The emblem depicts an ammunition belt coiled on the ground like a snake, with a green snake head bearing its fangs at one end. It resembles the snake on the yellow Gadsden flag, the one that says “Don’t tread on me,” except with more bullets.
While it is unclear who thought of this unique emblem, a unit history of the 311th reveals that it was first approved on Oct. 9, 1943, and it was redrawn on July 18, 1995. According to the unit history, the coiled snake and its fangs “represents the unit’s mission to strike swiftly in the nation’s defense, with both offensive and defensive weapons.” Meanwhile, the cartridge belt “reflects the integral part that all assigned personnel have in the mission.”
The emblem’s blue background refers to the sky, and the two shades of blue “reflects the unit’s ability to operate any time, in any weather,” according to the unit history. The yellow of the cartridge belt refers to the sun, “and the excellence required of Air Force personnel.”
The unit history doesn’t mention it, but it’s convenient that the emblem has a snake on it, since the 311th Fighter Squadron flies the F-16 fighter jet, commonly referred to as the Viper. More likely though, it’s a reference to the Sidewinder snake that lives in the American Southwest, moves in an S-curve pattern, and serves as the unit’s nickname. Of course, “Sidewinder” is also the name of an air-to-air missile, so the nickname is rich with meaning.
The 311th is a training squadron, and just last week it graduated its latest batch of seven Viper student pilots, who will now go on to operational flying units. The graduates are the most recent accomplishment for the squadron, which was first activated in 1942. Its pilots flew across the Pacific Theater and in the Korean War before being redesignated as a training squadron at Luke Air Force Base, Arizona in 1970. It has been inactivated and reactivated a few times since then before finally being reactivated in its current form at Holloman in 2014.
The 311th is just one unit among so many other Air Force squadrons that have been reactivated, inactivated, reformed and redesignated over the branch’s nearly 75-year history, each with their own unique emblem. Look up “air force squadron emblems” on Google images and you’ll get a feast of them. There is the deactivated 609th Special Operations Squadron, which featured the Roadrunner from Looney Tunes aiming some kind of firearm while standing on a bomb with an expression of complete serenity on his face. Then there is the deactivated 95th Fighter Squadron, whose emblem featured a skeleton sporting a top hat, monocle and bow tie. And we can’t leave out the emblem of the 152nd Fighter Squadron, which features Sylvester from Looney Tunes painting tiger stripes on his butt while riding a rocket into the sky.
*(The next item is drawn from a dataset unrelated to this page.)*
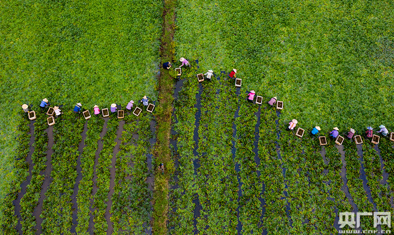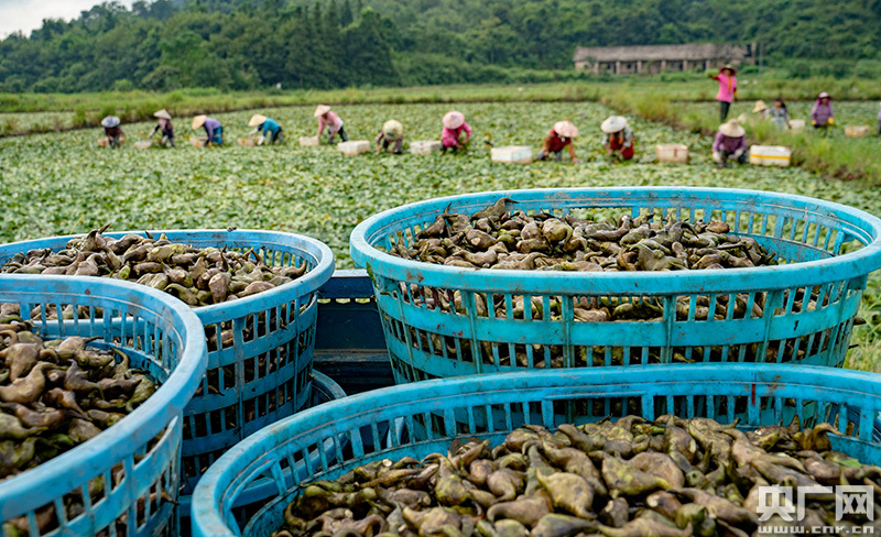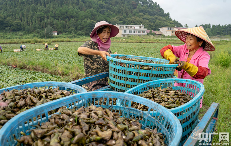 7月29日清晨,江西新余市分宜縣鳳陽鎮(zhèn)沔村200多畝菱角種植基地,由20多位農(nóng)民組成的山村“大媽團(tuán)”正在集中采收菱角。

Though some emblems are more serious than others, the tradition of silly unit emblems and mascots goes back at least as far as World War II, when airmen painted half-naked women and cartoon characters on the noses of their death-dealing war machines. Some folks dove deep into analyzing what nose art means on warbirds, particularly when the subjects are women. For example, anthropology professor Kent Wayland wrote in 2014 that when a WWII airplane was characterized as a woman by its nose art, it implied a relationship between the usually-male aviators and the aircraft.
“The more the airplane becomes an entity with which one has a relationship, the less salient its role as destroyer of bodies and buildings becomes,” Wayland wrote. “This reframing is clearest … in the case of the plane named after Paul Tibbets’ mother, the Enola Gay,” the plane which dropped the first atomic bomb used in warfare on Hiroshima, Japan.
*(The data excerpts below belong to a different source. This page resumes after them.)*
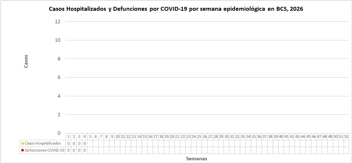 Casos Hospitalizados y Defunciones por COVID-19 en B.C.S. 2025.
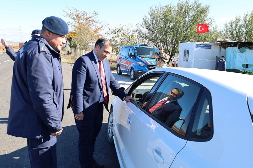 Kaymakam Balaban, İlçe Jandarma Komutanlığı Trafik ekiplerince Hasbuğa Köyü kavşağında oluşturulan asayiş denetim noktasını ziyaret etti.
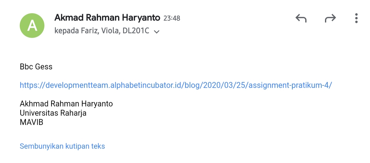 4. Langkah terakhir yaitu semua jawaban ke dalam https://developmentteam.alphabetincubator.id/ dengan cara Add New Post di dalam https://developmentteam.alphabetincubator.id/ yang kemudian juga dikirim ke milis [email protected] untuk lakukan diskusi dan dikomentari oleh minimal 3 comment baik di milis maupun pada link jawaban.

“The story of the war itself in some ways [becomes] the story of the relationship between the aircrews and their ‘women,’” Wayland continued. “The foregrounding of this relationship helps overcome the potential stigma of war’s violence, which recedes into the background.”
Whether or not aviators today build a similar relationship with Sylvester the cat or a top hat-wearing skeleton is unclear, but the emblem images definitely evoke camaraderie and levity, which no doubt lightens the load of airborne warfare. I mean, who can look at a snake made out of bullets like the one on the 311th’s emblem without smiling a little?